The Basics
How Banks Create Money
Much of the money in our economy is created by banks. Banks create new money whenever they make loans.
The money that banks create isn’t the paper money that bears the seal of the Federal Reserve. It’s the electronic money that flashes up on the screen when you check your balance at an ATM.
Banks can create money through the accounting they use when they make loans. The numbers that you see when you check your account balance are really just accounting entries in the banks’ computers. These numbers are a ‘liability’ or IOU from your bank to you. But by using your debit card or online banking, you can spend these IOUs as though they were physical cash. By creating these electronic IOUs, banks can effectively create a substitute for paper money.
In the video below Professor Dirk Bezemer at the University of Groningen and Michael Kumhof, a Bank of England Economist explain where money comes from in less than 2 minutes.
The Bank of International Settlements, which is often described as “the central banker’s central bank,” has explicitly stated that money is primarily created by banks, and that this is the case throughout the developed world: “…the central bank is not the only issuer of money in an economy. The multiplicity… of issuers of money is a common feature in all developed economies.

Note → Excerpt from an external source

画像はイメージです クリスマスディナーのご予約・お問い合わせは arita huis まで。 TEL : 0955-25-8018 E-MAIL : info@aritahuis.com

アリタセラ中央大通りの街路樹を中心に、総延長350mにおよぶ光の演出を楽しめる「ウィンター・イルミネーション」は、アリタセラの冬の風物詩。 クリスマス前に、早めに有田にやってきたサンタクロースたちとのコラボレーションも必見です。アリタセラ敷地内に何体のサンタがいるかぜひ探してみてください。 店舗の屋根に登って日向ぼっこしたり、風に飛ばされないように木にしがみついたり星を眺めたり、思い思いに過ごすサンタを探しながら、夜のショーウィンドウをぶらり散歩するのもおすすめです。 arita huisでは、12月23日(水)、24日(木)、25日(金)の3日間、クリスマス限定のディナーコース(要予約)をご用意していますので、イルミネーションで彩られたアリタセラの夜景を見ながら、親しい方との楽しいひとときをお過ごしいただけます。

Commercial banks are the other primary issuers, their liabilities (i.e. commercial bank money) representing in fact most of the stock of money.”
Martin Wolf, who the New York Times Book Review called “As Grand And Important As An Economic Journalist Can Ever Become,” put it this way in the Financial Times: “The essence of the contemporary monetary system is the creation of money, out of nothing, by private banks’ often foolish lending.”